### What the task requires
The expected answer is the data below, printed verbatim without its pictures.

### Data shown
-=-=-=-=-

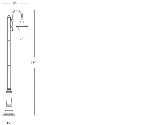 Rostfarbene Hochmast-Gartenlampe für die Outdoor-Deluxe-Linie. Struktur komplett aus Aluminium-Druckguss. Korrosionsschutzbehandlung mit Epoxidpulverlackierung. Diffusor aus transparentem Thermoplast. Reflektor aus Aluminium. Schablone für Bodenbefestigung und Edelstahlbolzen. Internes Netzkabel und wasserdichtes Verbindungsgerät. Messingschrauben und Anziehwerkzeuge. Lampenfassung aus Porzellan mit Fassung E27. geeignet für Glüh- und Energiesparlampen. Lampe nicht enthalten. Stromversorgung 230V ~ 50Hz. Schutzklasse: IP43 Maximale Lampenleistung: 60W
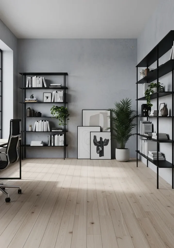 This office features cool light gray walls that bring a clean and modern edge to the room. Black open shelving adds contrast and structure, while pale wood floors keep the space from feeling too stark. The gray backdrop allows framed art and greenery to stand out without overwhelming the design. Large windows keep the room bright and airy.
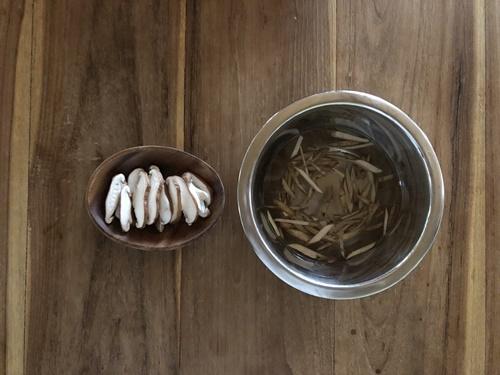 ごぼうはよく洗って皮をこそげ、細切りにする。しいたけは石づきを切り落とし、薄切りにする。

-=-=-=-=-

### Exercise answer
 Rostfarbene Hochmast-Gartenlampe für die Outdoor-Deluxe-Linie. Struktur komplett aus Aluminium-Druckguss. Korrosionsschutzbehandlung mit Epoxidpulverlackierung. Diffusor aus transparentem Thermoplast. Reflektor aus Aluminium. Schablone für Bodenbefestigung und Edelstahlbolzen. Internes Netzkabel und wasserdichtes Verbindungsgerät. Messingschrauben und Anziehwerkzeuge. Lampenfassung aus Porzellan mit Fassung E27. geeignet für Glüh- und Energiesparlampen. Lampe nicht enthalten. Stromversorgung 230V ~ 50Hz. Schutzklasse: IP43 Maximale Lampenleistung: 60W
 This office features cool light gray walls that bring a clean and modern edge to the room. Black open shelving adds contrast and structure, while pale wood floors keep the space from feeling too stark. The gray backdrop allows framed art and greenery to stand out without overwhelming the design. Large windows keep the room bright and airy.
 ごぼうはよく洗って皮をこそげ、細切りにする。しいたけは石づきを切り落とし、薄切りにする。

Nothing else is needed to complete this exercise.